Start of Input for this task
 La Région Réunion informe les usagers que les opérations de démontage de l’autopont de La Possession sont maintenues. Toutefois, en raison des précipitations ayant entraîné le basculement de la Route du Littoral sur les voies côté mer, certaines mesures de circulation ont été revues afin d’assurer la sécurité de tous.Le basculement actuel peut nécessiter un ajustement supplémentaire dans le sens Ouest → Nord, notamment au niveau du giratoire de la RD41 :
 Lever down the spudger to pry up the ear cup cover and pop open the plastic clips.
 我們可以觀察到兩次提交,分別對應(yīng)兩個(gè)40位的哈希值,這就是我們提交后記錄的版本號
End of Input for this task
Start of Input for this task
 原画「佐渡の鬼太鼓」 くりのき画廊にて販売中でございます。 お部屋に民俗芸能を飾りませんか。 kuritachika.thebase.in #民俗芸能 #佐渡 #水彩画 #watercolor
End of Input for this task
Start of Input for this task
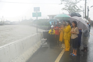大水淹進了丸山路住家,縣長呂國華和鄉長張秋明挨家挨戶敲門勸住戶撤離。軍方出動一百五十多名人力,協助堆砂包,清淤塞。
End of Input for this task
● Your objective: Every line above from the line with "La Région Réunion" to the line with "Lever down the", both included, must be reproduced exactly, and no other line may appear.

● Result of the exercise:
 La Région Réunion informe les usagers que les opérations de démontage de l’autopont de La Possession sont maintenues. Toutefois, en raison des précipitations ayant entraîné le basculement de la Route du Littoral sur les voies côté mer, certaines mesures de circulation ont été revues afin d’assurer la sécurité de tous.Le basculement actuel peut nécessiter un ajustement supplémentaire dans le sens Ouest → Nord, notamment au niveau du giratoire de la RD41 :
 Lever down the spudger to pry up the ear cup cover and pop open the plastic clips.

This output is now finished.